At the time of the trial, Mrs. Aston had left the family home and was living in a street near Manchester Square. There is little information to be found on what became of her after the trial. What I can tell you is that after the requisite mourning period for Mr. Aston, Mrs. Aston did remarry. A May 13, 1823 edition of the Chester Courant reports that she was married at Paris to a Russian nobleman named Baron Peggenfohl.
Captain Edward Elliot
Despite a broken heart and a forced removal to foreign shores, Edward Elliot had what is, perhaps, the happiest ending to this scandalous story. He married Isabella Hardie, daughter of Commander Hardie, and together they had several children, one of whom grew up to distinguish himself in the Indian government.

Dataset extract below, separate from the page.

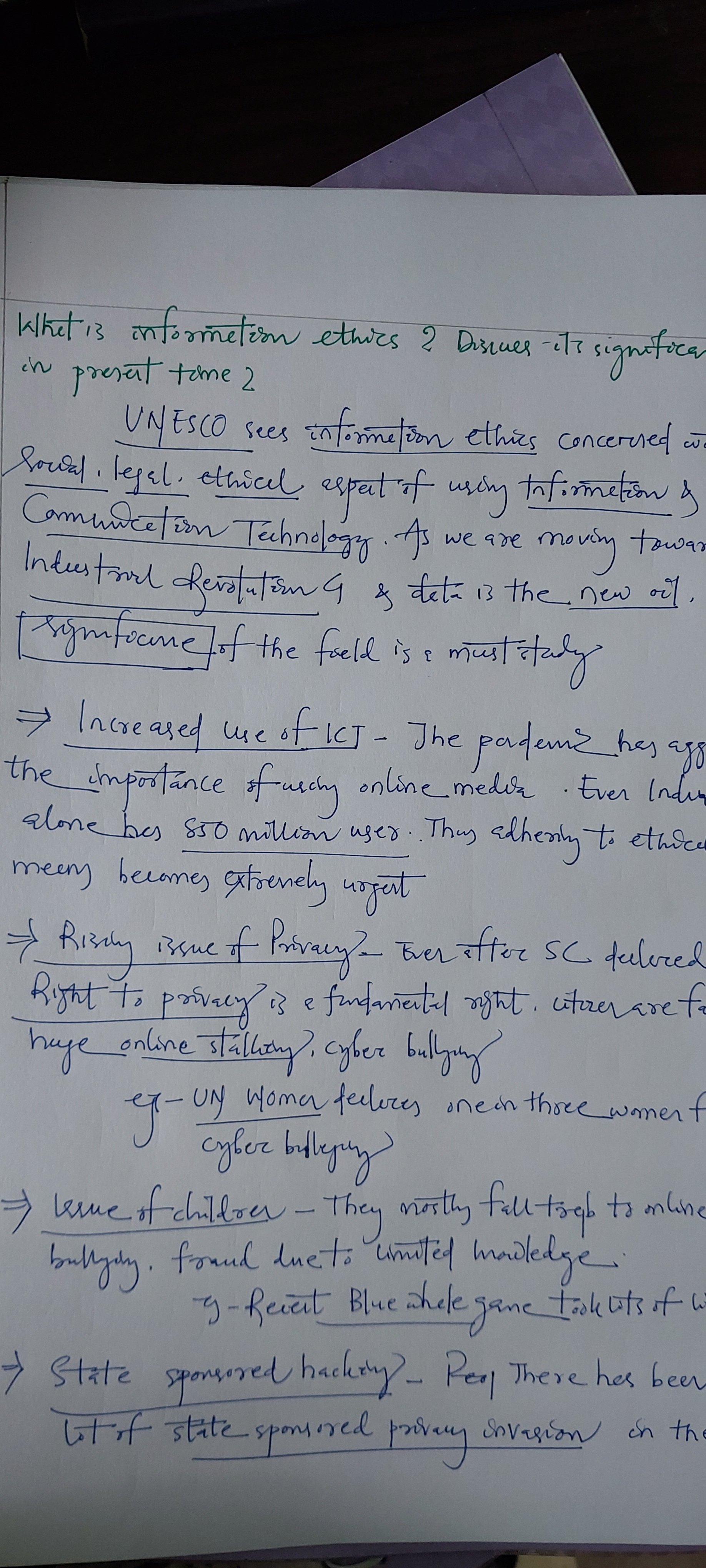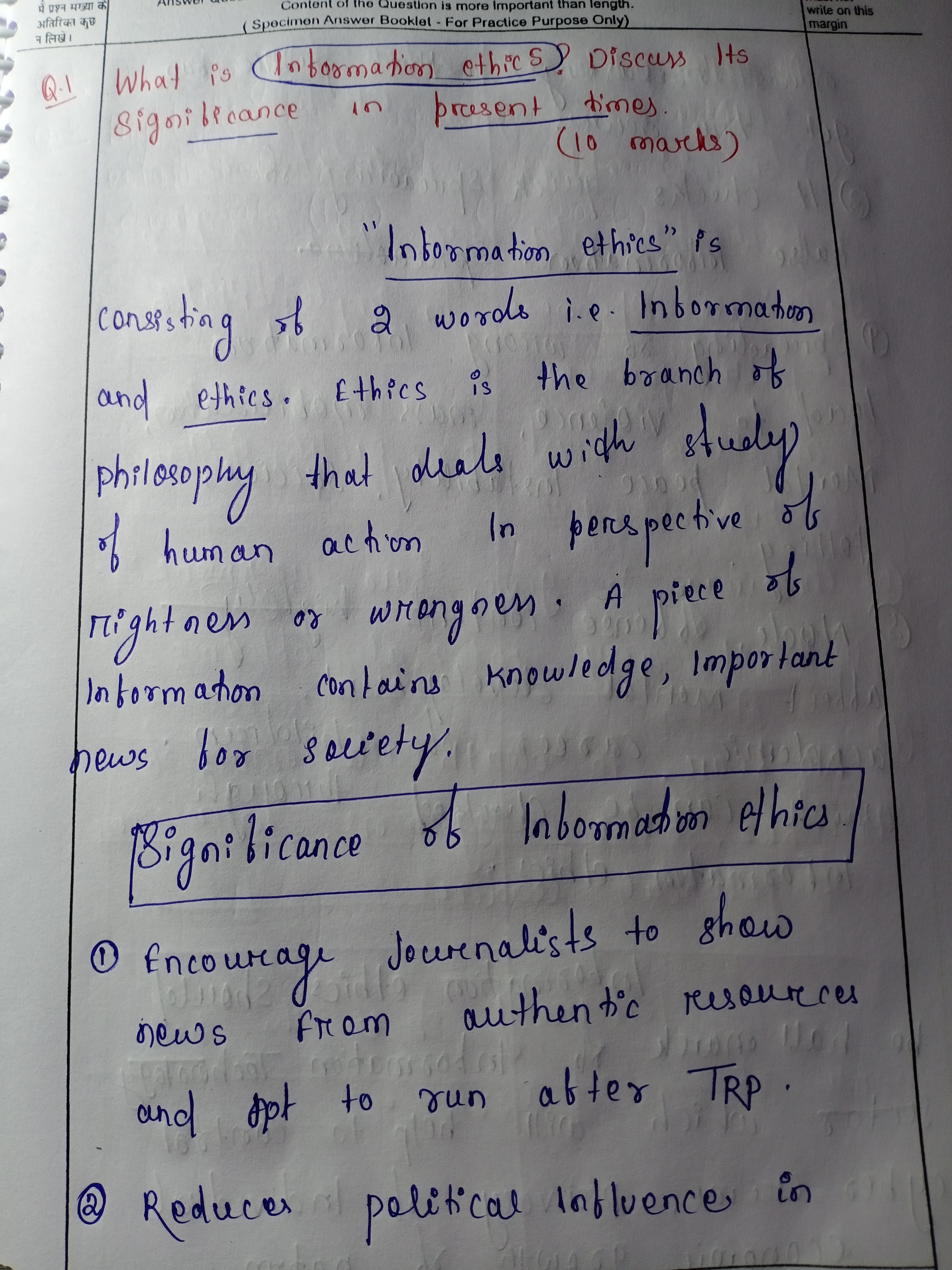 1.) What is Information Ethics? Discuss its significance in present times.

Edward Elliot lived a long life, presumably in India. He died in 1866 at the age of seventy.
A Few Final Thoughts…
This story was a series of historical puzzle pieces, the first of which I found quite by chance while researching another topic in a newspaper archive. Each newspaper, magazine, and journal reference provided another piece of the puzzle. You can imagine how thrilled I was as connections to Wellington, Waterloo, James Scarlett, Lord Byron, and Lady Charlotte “Ianthe” Harley were all revealed tiny piece by tiny piece. Of course, there is always more to know. I may yet discover what became of Margarita Aston and the Aston children. If and when I do, I will add a postscript to this article.